### [PROBLEM TO SOLVE]
Your task is to write out every line of the data exactly. Drop the pictures.

### [SUPPLIED MATERIAL]
== Segment start ==
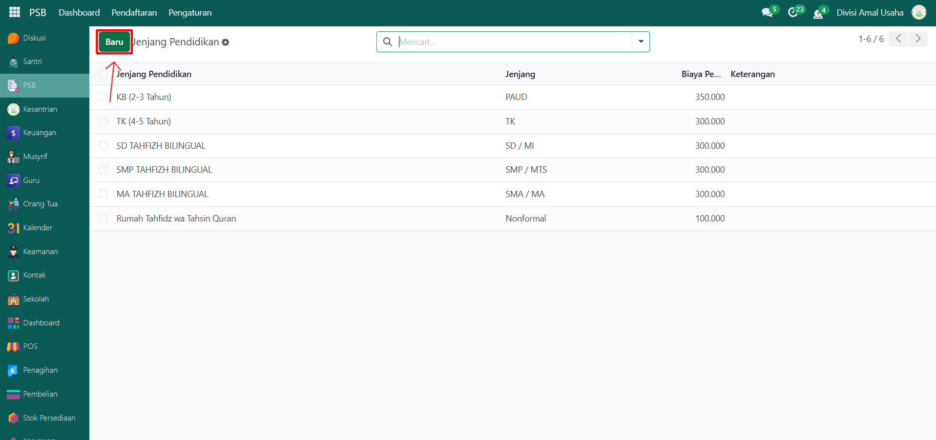 Berikut adalah langkah-langkah cara membuat jenjang pendidikan baru pada Odoo Pesantren.
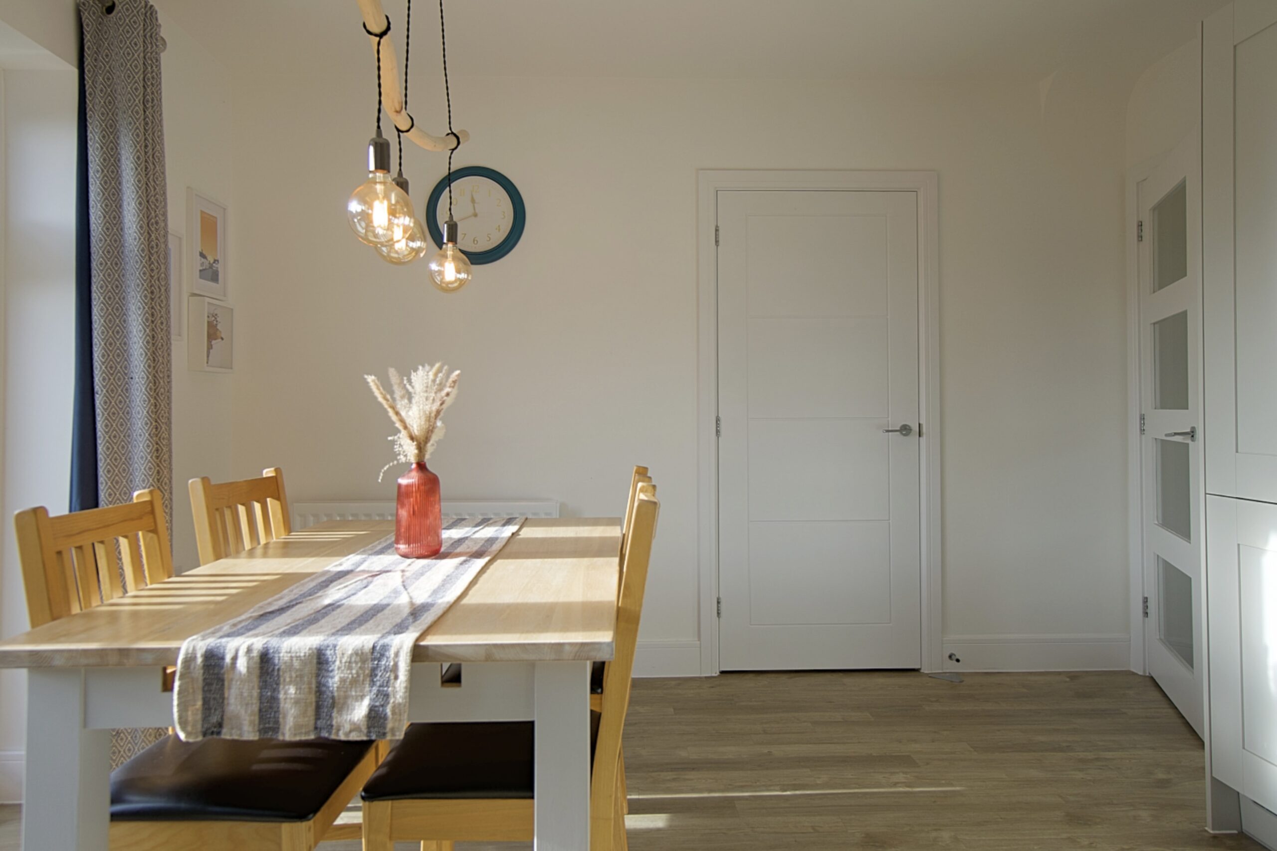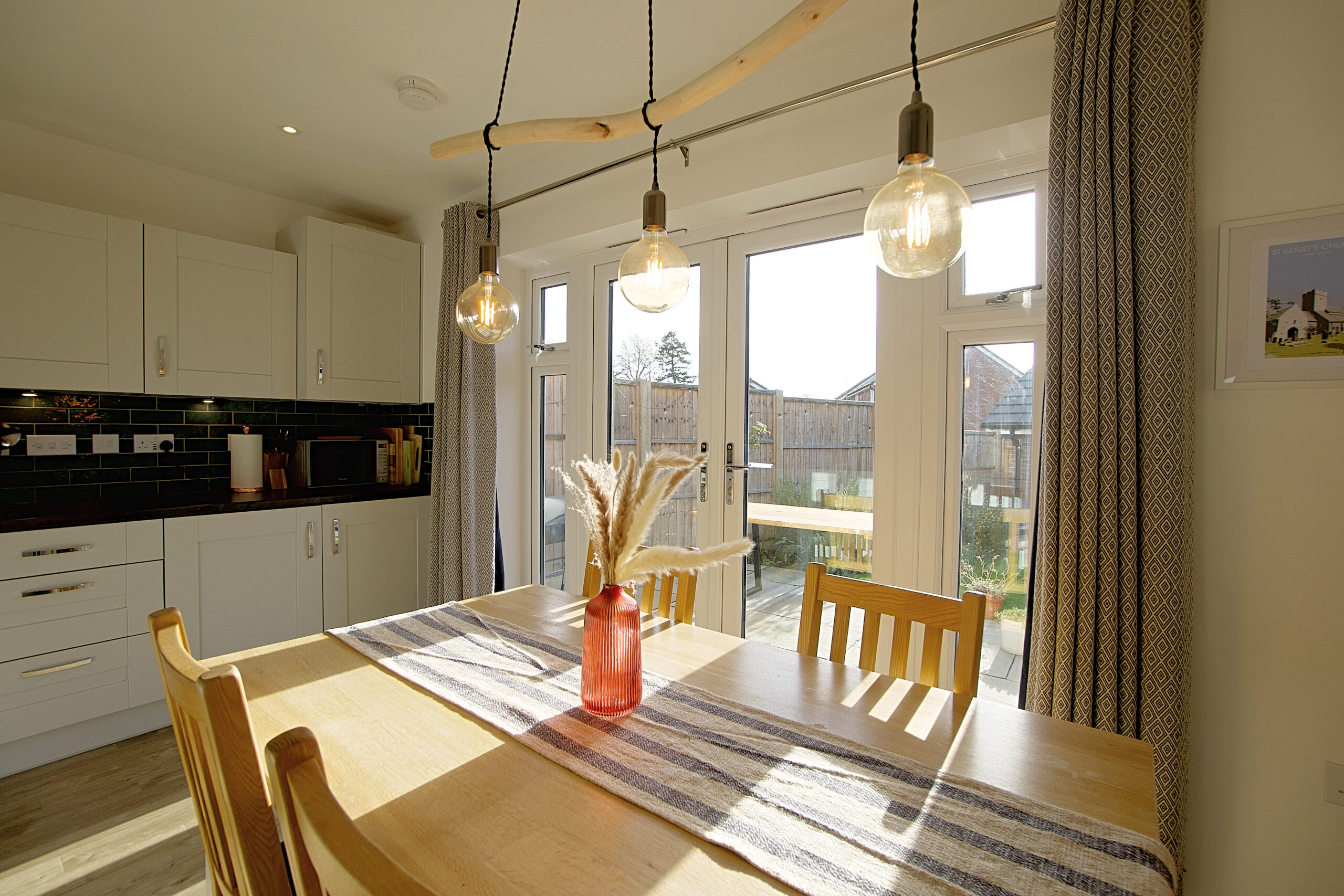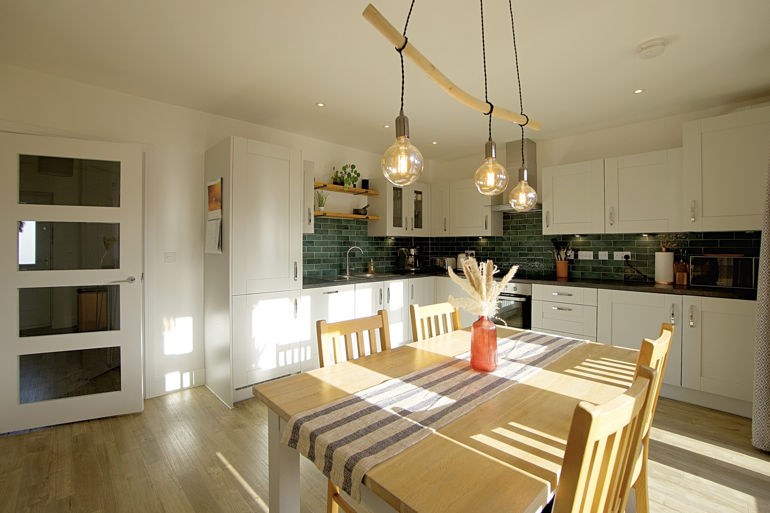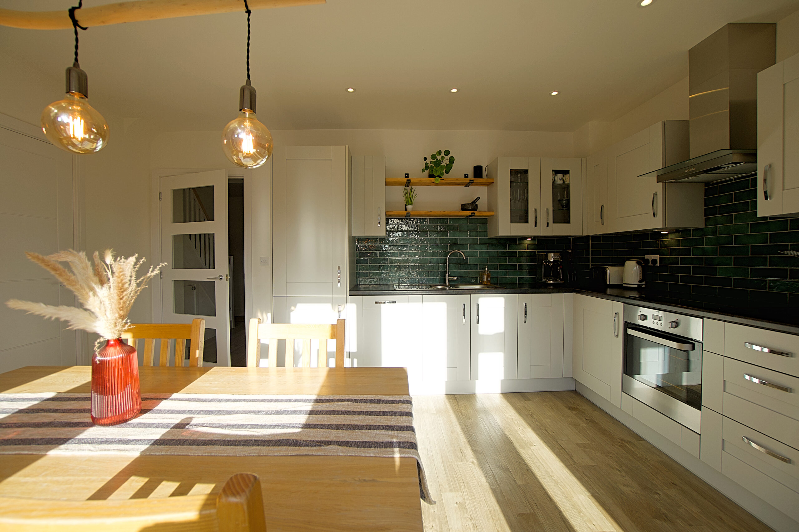At the back of the property a lovely kitchen dining room with additional shelving, integrated appliances and lovely green tiling. The room has space for a table and chairs with room to spare. The south facing French doors flood the room with natural light.
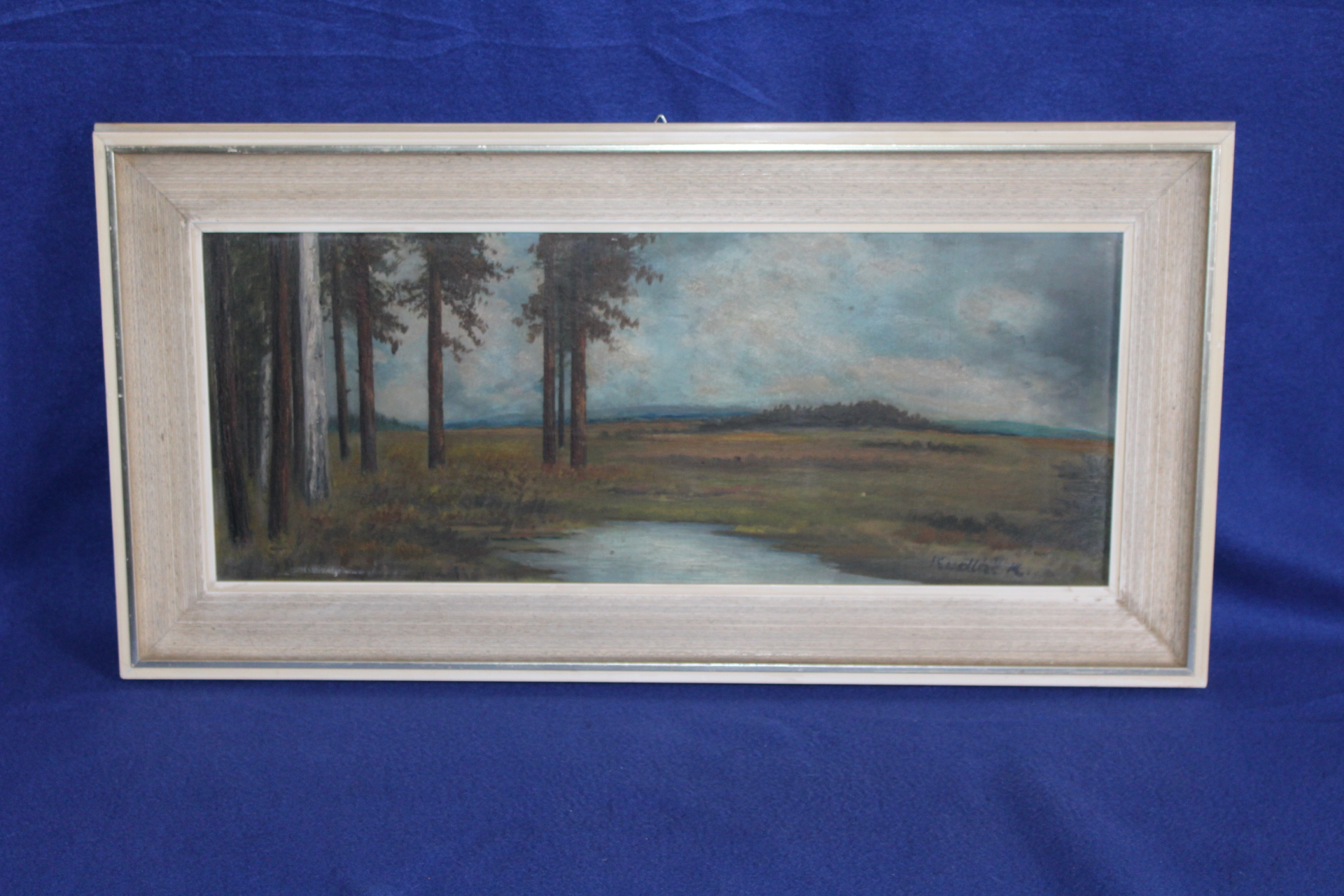 Signovaný obraz krajiny od K. Kudláče, jedná se o olej na kartonu. Rozměr rámu 74 37 cm.
== Segment end ==
### [OUTPUT OF THE EXERCISE]
 Berikut adalah langkah-langkah cara membuat jenjang pendidikan baru pada Odoo Pesantren.
At the back of the property a lovely kitchen dining room with additional shelving, integrated appliances and lovely green tiling. The room has space for a table and chairs with room to spare. The south facing French doors flood the room with natural light.
 Signovaný obraz krajiny od K. Kudláče, jedná se o olej na kartonu. Rozměr rámu 74 37 cm.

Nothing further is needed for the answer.